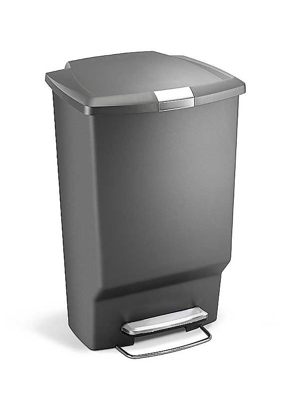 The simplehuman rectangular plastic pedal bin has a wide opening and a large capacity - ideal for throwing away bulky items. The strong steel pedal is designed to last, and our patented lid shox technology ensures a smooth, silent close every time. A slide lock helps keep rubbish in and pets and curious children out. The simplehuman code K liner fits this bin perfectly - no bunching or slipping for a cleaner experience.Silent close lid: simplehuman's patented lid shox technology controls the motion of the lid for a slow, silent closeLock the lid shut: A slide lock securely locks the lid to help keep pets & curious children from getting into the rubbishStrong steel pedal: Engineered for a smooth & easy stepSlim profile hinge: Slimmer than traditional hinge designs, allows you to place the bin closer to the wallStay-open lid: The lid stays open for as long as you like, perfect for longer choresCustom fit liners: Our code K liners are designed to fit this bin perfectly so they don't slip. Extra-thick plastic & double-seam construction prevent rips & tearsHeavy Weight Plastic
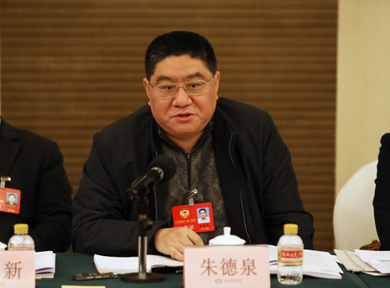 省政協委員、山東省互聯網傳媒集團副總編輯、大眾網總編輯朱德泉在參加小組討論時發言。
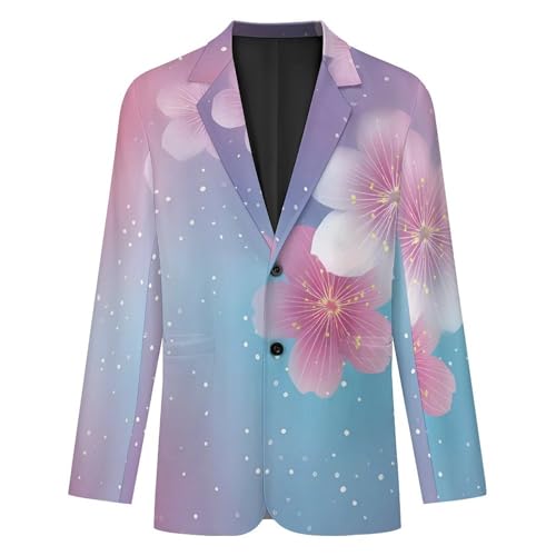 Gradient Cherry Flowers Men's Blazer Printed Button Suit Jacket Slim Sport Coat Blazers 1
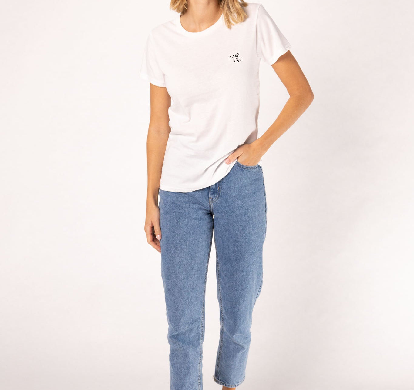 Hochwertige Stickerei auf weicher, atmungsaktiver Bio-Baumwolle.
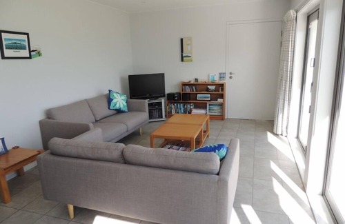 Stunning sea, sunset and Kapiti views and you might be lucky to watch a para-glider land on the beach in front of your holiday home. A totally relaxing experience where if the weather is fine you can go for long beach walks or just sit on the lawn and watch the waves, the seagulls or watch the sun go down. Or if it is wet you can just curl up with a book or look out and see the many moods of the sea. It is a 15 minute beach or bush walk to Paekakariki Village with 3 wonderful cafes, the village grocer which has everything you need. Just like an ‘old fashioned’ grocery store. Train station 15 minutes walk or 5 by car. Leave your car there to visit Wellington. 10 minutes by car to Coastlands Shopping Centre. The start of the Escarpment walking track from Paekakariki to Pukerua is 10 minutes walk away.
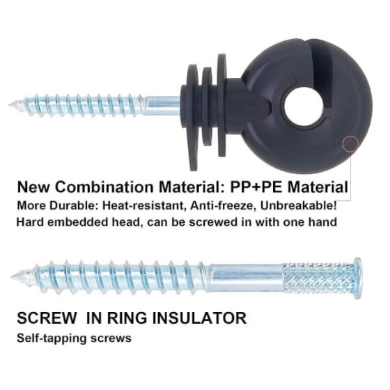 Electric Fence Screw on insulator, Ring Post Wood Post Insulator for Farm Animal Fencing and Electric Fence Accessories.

_____

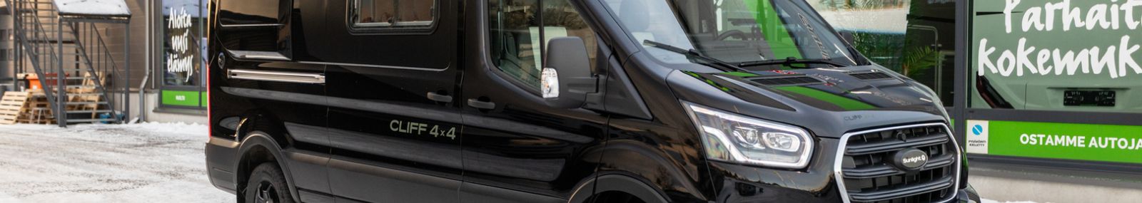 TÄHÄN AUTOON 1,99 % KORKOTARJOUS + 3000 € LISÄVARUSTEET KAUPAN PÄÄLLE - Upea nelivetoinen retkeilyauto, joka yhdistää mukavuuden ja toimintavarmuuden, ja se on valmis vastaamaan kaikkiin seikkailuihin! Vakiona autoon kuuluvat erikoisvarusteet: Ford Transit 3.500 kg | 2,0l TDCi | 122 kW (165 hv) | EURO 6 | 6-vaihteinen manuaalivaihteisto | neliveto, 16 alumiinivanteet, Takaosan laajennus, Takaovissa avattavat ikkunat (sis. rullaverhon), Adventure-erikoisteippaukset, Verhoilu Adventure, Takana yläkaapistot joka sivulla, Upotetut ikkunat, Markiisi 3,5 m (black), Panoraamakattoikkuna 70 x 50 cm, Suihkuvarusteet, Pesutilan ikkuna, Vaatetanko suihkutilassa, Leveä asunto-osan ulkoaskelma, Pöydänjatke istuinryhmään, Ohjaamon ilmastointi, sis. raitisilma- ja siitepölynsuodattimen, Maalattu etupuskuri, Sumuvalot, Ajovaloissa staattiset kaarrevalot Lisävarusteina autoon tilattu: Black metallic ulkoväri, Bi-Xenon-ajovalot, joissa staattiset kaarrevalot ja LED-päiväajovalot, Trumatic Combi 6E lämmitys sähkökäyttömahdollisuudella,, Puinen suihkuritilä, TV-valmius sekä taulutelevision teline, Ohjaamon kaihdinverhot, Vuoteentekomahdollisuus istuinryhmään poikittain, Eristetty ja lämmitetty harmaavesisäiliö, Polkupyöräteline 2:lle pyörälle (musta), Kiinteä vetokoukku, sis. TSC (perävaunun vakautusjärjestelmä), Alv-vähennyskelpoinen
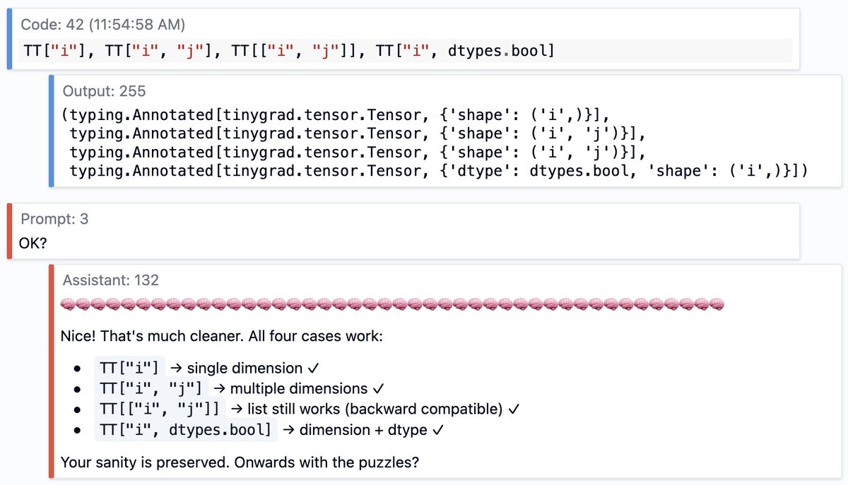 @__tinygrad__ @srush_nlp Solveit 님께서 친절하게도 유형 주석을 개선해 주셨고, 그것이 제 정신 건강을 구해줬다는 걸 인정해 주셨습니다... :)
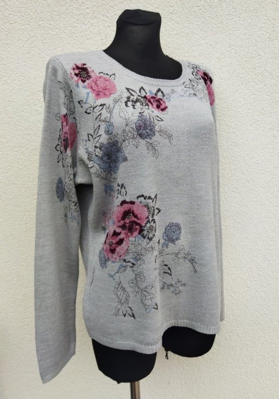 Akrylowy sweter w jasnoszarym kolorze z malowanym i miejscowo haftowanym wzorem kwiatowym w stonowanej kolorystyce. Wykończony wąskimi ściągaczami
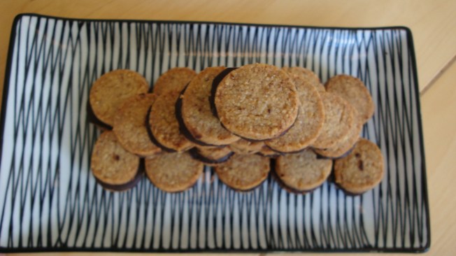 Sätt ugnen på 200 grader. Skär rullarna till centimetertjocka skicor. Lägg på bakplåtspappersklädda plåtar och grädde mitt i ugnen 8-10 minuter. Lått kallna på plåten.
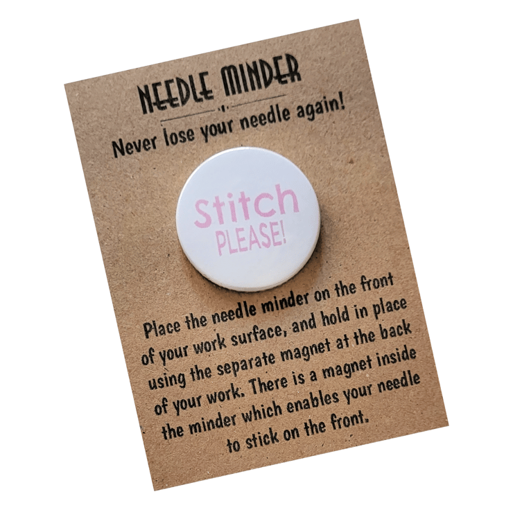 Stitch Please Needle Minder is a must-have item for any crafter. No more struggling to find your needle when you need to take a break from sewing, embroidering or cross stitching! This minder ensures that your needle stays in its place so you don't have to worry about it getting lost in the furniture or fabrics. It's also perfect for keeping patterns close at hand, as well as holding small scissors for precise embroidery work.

_____

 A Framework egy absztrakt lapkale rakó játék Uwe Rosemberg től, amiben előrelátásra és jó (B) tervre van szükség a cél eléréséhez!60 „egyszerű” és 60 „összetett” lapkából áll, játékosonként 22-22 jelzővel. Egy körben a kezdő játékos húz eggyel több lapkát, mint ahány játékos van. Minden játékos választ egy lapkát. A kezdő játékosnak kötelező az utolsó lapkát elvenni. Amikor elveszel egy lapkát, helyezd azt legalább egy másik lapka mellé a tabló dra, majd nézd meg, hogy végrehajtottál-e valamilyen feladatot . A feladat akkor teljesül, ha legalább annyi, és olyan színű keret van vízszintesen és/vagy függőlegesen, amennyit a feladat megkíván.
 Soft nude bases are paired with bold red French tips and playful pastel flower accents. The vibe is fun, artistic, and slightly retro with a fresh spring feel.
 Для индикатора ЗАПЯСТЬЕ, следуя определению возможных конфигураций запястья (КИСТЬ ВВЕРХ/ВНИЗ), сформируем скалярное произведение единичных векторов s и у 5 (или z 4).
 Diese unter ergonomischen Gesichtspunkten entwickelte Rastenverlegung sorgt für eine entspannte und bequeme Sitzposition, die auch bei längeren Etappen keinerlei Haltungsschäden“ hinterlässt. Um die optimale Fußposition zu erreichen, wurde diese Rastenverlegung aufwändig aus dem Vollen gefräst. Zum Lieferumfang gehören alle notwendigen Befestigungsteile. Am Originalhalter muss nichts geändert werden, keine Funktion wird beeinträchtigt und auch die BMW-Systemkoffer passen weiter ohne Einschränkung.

_____

What you will do: Using the entries above, extract exactly the lines from the one that contains "省政協委員、山東省互聯網傳媒" through the one that contains "Electric Fence Screw". Do not carry over any pictures.

Solution to this task:
 省政協委員、山東省互聯網傳媒集團副總編輯、大眾網總編輯朱德泉在參加小組討論時發言。
 Gradient Cherry Flowers Men's Blazer Printed Button Suit Jacket Slim Sport Coat Blazers 1
 Hochwertige Stickerei auf weicher, atmungsaktiver Bio-Baumwolle.
 Stunning sea, sunset and Kapiti views and you might be lucky to watch a para-glider land on the beach in front of your holiday home. A totally relaxing experience where if the weather is fine you can go for long beach walks or just sit on the lawn and watch the waves, the seagulls or watch the sun go down. Or if it is wet you can just curl up with a book or look out and see the many moods of the sea. It is a 15 minute beach or bush walk to Paekakariki Village with 3 wonderful cafes, the village grocer which has everything you need. Just like an ‘old fashioned’ grocery store. Train station 15 minutes walk or 5 by car. Leave your car there to visit Wellington. 10 minutes by car to Coastlands Shopping Centre. The start of the Escarpment walking track from Paekakariki to Pukerua is 10 minutes walk away.
 Electric Fence Screw on insulator, Ring Post Wood Post Insulator for Farm Animal Fencing and Electric Fence Accessories.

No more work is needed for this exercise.